La Banque du Canada, sous la direction de son gouverneur Tiff Macklem, a déjà relevé les taux d’intérêt plus rapidement que les banques de presque tous les autres pays. Les relèvements ont laissé des millions de Canadiens et Canadiennes devant des paiements de crédit exorbitants. Au total, les dettes de crédit sont de 2,29 billions de dollars au Canada, selon le rapport Credit Industry Insights de la SARL TransUnion sur le 3e trimestre de 2022. Les relèvements des taux d’intérêt ont même mis la Banque du Canada à découvert pour la première fois de son histoire, lui faisant essuyer une perte de 522 millions de dollars au cours du troisième trimestre.

Les banques centrales haussent les taux d’intérêt pour refroidir l’économie et juguler l’inflation, mais M. Macklem ne fait pas que resserrer la politique monétaire. Il mène une campagne de relations publiques suivie contre une croissance des salaires inexistante, soutenant que ce sont les salaires qui alimentent l’inflation. Il n’y a aucune preuve que les salaires alimentent l’inflation. Selon l’Enquête sur la population active de Statistique Canada publiée vendredi, les augmentations salariales accusent un retard par rapport l’inflation plutôt que de l’entraîner.

Dans un récent rapport du Congrès du travail du Canada et du Centre for Future Work intitulé Un remède pire que la maladie? Pour mieux comprendre l’inflation et ce qu’il faut y faire, l’économiste Jim Stanford présente des preuves que les augmentations salariales ne causent pas l’inflation. M. Stanford fait remarquer que c’est le pouvoir d’établissement des prix des entreprises canadiennes qui fait augmenter les prix, ce qui gonfle les comptes des entreprises en y injectant des profits astronomiques et inédits. En 2022, les profits des entreprises du Canada ont atteint une part du produit intérieur brut (PIB) plus élevée que jamais. Ces profits ont augmenté trois fois plus rapidement que les salaires depuis 2019.

Malgré tout cela, M. Macklem s’obstine à annoncer que la Banque du Canada continuera à relever les taux d’intérêt, même si cela met notre économie au bord d’une dommageable récession. En maintenant sa politique myope consistant à ramener l’inflation à la cible de 2 %, la Banque risque d’affaiblir grandement notre économie et de mettre des centaines de milliers de personnes en chômage.

Si la Banque du Canada est déterminée à fabriquer une récession économique, nous savons que le prix n’en sera pas partagé également.

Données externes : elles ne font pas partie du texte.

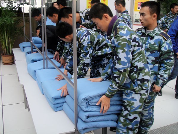 活动分国防生组和普通生组,每场比赛由11人参加。比赛要求参加的选手必须在三分钟内把棉被叠成无皱褶、外形整齐美观的“豆腐块”形状。
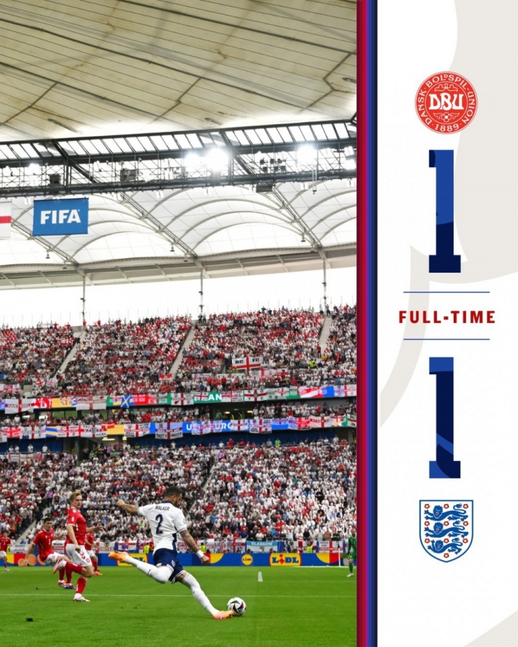 英格兰队官推:不是我们想要的结果,但我们离晋级更近了一步
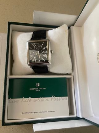 Elegante reloj de la marca Frederique Constant. - Caja rectangular. - Correa de piel negra. - Esfera con detalles plateados.
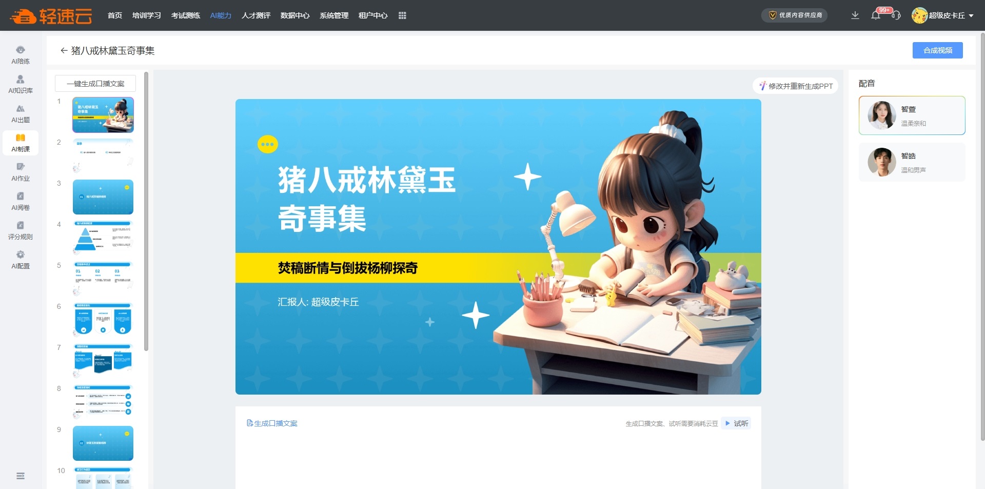 所有的ppt都已经保存口播文案后,选择一名配音助手,点击 合成视频 ,AI会开始进行视频生成动作。

Pas plus tard que la semaine dernière, l’Organisation internationale du Travail (OIT) a annoncé que la pauvreté et l’inégalité des revenus augmentent dans le monde entier alors que le pouvoir d‘achat des gens diminue. Le Rapport mondial sur les salaires publié dernièrement par l’OIT indique que, pour la première fois de l’histoire, la valeur des salaires réels a baissé en 2022, de 0,9 %, et que cela nuit le plus aux travailleurs et travailleuses et aux ménages à bas salaire.

L’OIT soutient que cela risque non seulement de compromettre la reprise après la pandémie mais aussi d’alimenter l’agitation sociale grandissante. Pendant que l’enquête sur le convoi d’occupation d’Ottawa se termine et que les audiences sur l’insurrection survenue le 6 janvier 2021 aux États-Unis prennent fin, nous ne devrions pas prendre à la légère la perspective d’une crise économique fabriquée de toutes pièces qui alimenterait le malaise social croissant. Actuellement, le fait de refroidir encore davantage notre économie — et de la plonger dans une récession dommageable causée par la politique monétaire — ne fera qu’aggraver la situation.

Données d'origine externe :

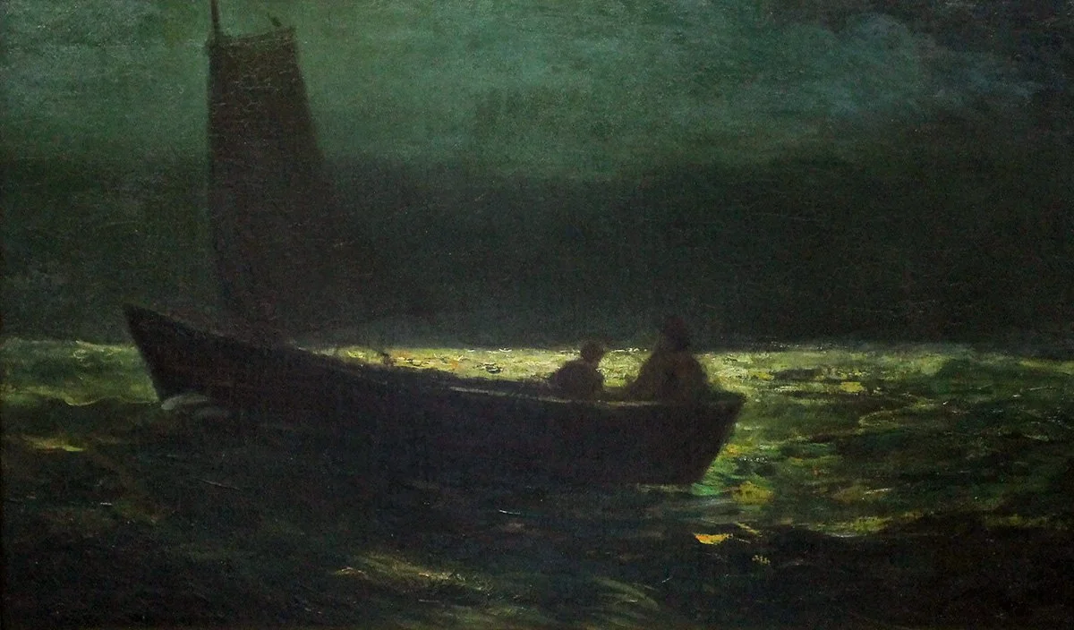 Albert Pinkham Ryder (1847–1917) was born in the whaling port of New Bedford. He is known for moody, atmospheric paintings that sit somewhere between landscape and vision. His work has had an influence on western figurative painters to this day. Mostly I think Ryder became a symbolic representative of a painter who allowed future generations of artists to more deeply investigate expressive mood, compression, and an almost claustrophobic sense of space.
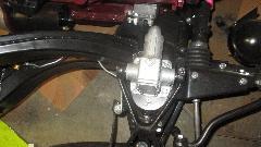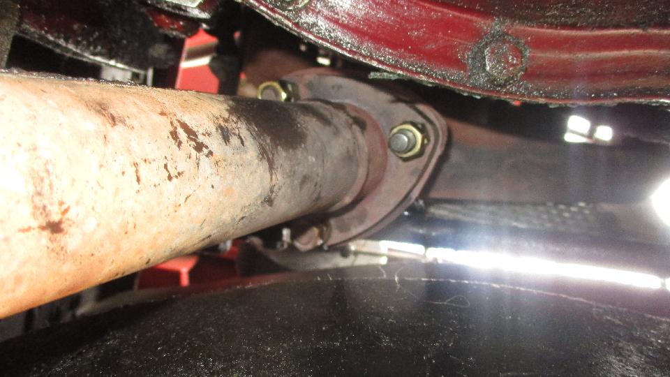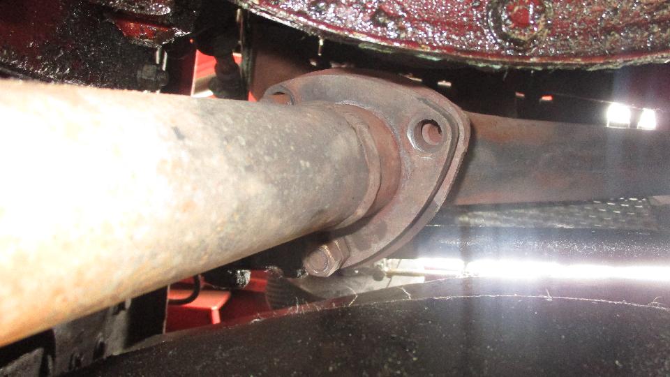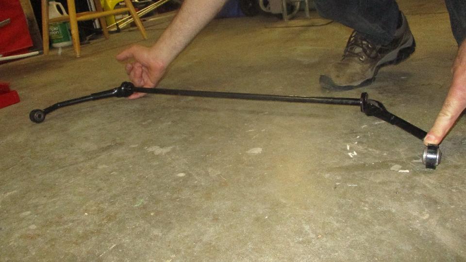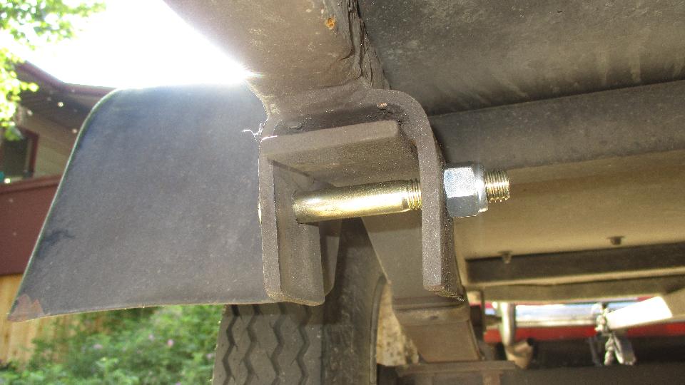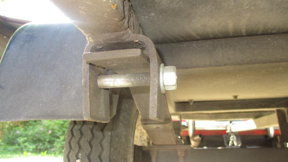 I had new studs, but studs as original are awkward with the inner fender obstruction (especially on the inboard side). A short trip to Ace Hardware brought us new grade-8 coarse thread bolts for the shocks (and longer bolts for the trailer spring shackles while we were there). In short order everything on teh car was reassembled. Golden opportunity to lube the four Zerk fitting on the swivel links.

Mercredi, quand il annoncera la décision de la Banque du Canada sur les taux d’intérêt, M. Macklem devrait tenir compte du bien-être des travailleurs et travailleuses et des familles qui paient déjà le gros du prix de la crise du coût de la vie. Cela devrait le porter à freiner le relèvement des taux d’intérêt et à prendre le temps d’évaluer les effets des relèvements antérieurs avant de hausser les taux de nouveau.

Bea Bruske est la présidente du Congrès du travail du Canada.

*Certains des liens ne sont disponibles qu’en anglais.